How Drying and Curing Change the Smell

The aroma of freshly harvested cannabis is noticeably different from what you encounter in a finished product, and the drying process is the reason. Monoterpenes, the lightest aromatic molecules, are the most vulnerable. Myrcene typically loses 3% to 30% of its initial concentration during drying, depending on conditions. Limonene can drop by 15% to 58%. These lighter terpenes have boiling points between 155°C and 185°C, and their high volatility means they evaporate readily even at room temperature.

Sesquiterpenes, which are heavier molecules with boiling points ranging from 263°C to over 300°C, are far more stable. Their concentrations actually increased by 30% to 40% during drying in some cultivars, likely because the loss of lighter compounds concentrated what remained. The net effect is that dried and cured cannabis smells less bright and citrusy and more earthy and spicy compared to the living plant. Controlled-atmosphere drying (using specific gas mixtures rather than open air) preserved monoterpene content better, which is why commercial producers increasingly use climate-controlled drying rooms.

Heat exposure accelerates these losses dramatically. At the temperatures used for decarboxylation (around 130°C), monoterpenes and their oxygenated relatives are heavily depleted relative to the more heat-resistant sesquiterpenes. This is also why vaporizer temperature matters: lower settings preserve lighter terpenes, while higher settings push past their boiling points and destroy them.

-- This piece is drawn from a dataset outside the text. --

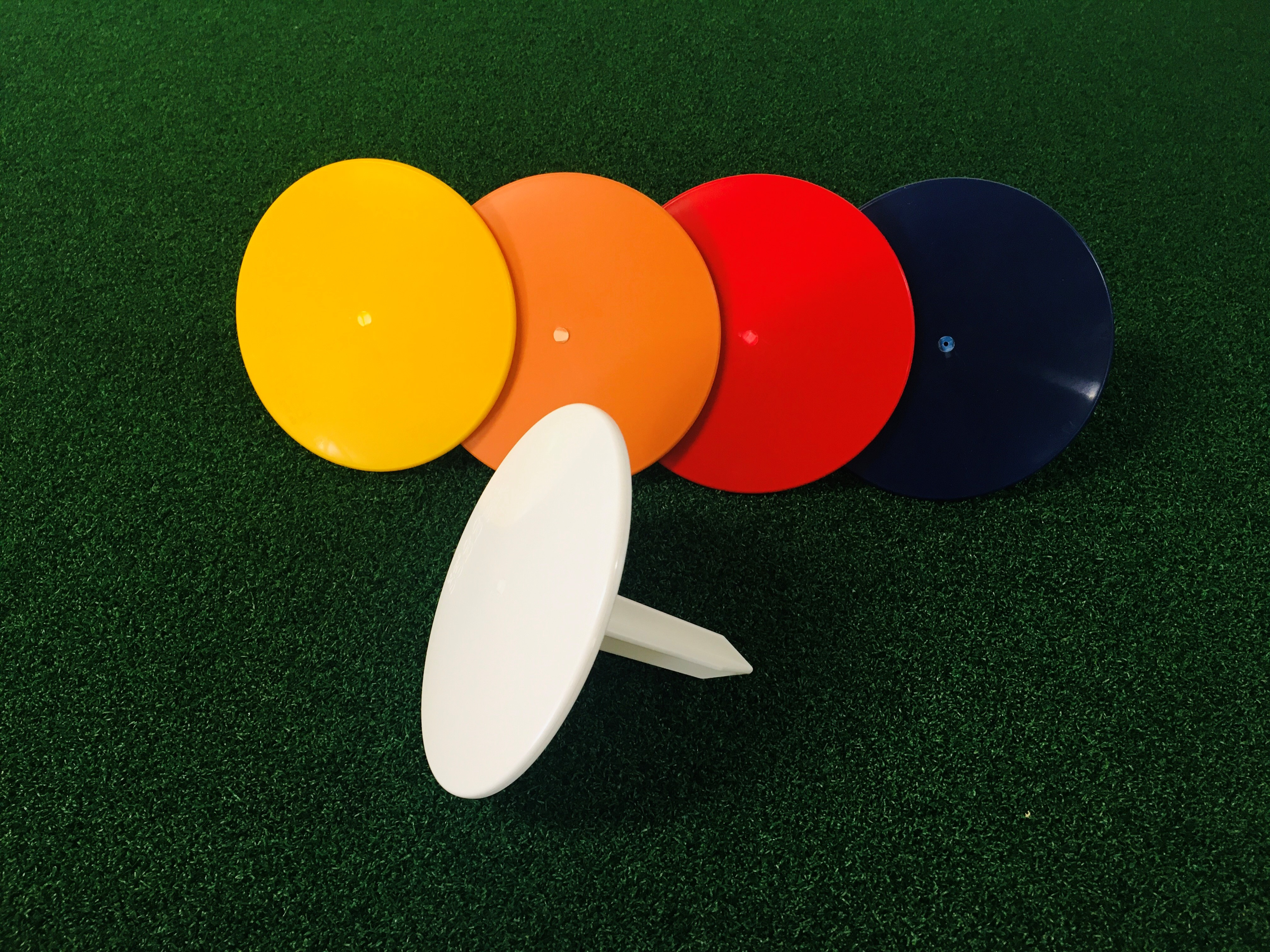 Markeringsplader i ø185 mm til teesteder, hazzarder, fairways og mange andre steder. Gennemfarvet plast med UV beskytteles sørger for at farven holder godt. Udskifteligt spyd.

Why Smell Matters More Than THC Labels

One practical finding from aroma research is that how pleasant you find a strain’s smell is a better predictor of your experience than the THC number on the label. A study examining smoked and vaporized cannabis found that pleasant subjective aroma correlated with pleasant subjective effects, while THC potency and dose did not. This held true whether participants smoked or vaporized the flower. The researchers concluded that aroma functions as a robust indicator of cannabis quality, similar to how the smell of coffee or tea predicts the drinking experience better than any single chemical measurement.

This aligns with the broader chemistry: the aromatic profile represents dozens of interacting compounds, many of which aren’t captured on standard lab panels. Your nose integrates all of them at once, picking up sulfur compounds at parts-per-billion concentrations and blending them with the terpene background into a single impression. It’s a more complete chemical analysis than most commercial testing provides.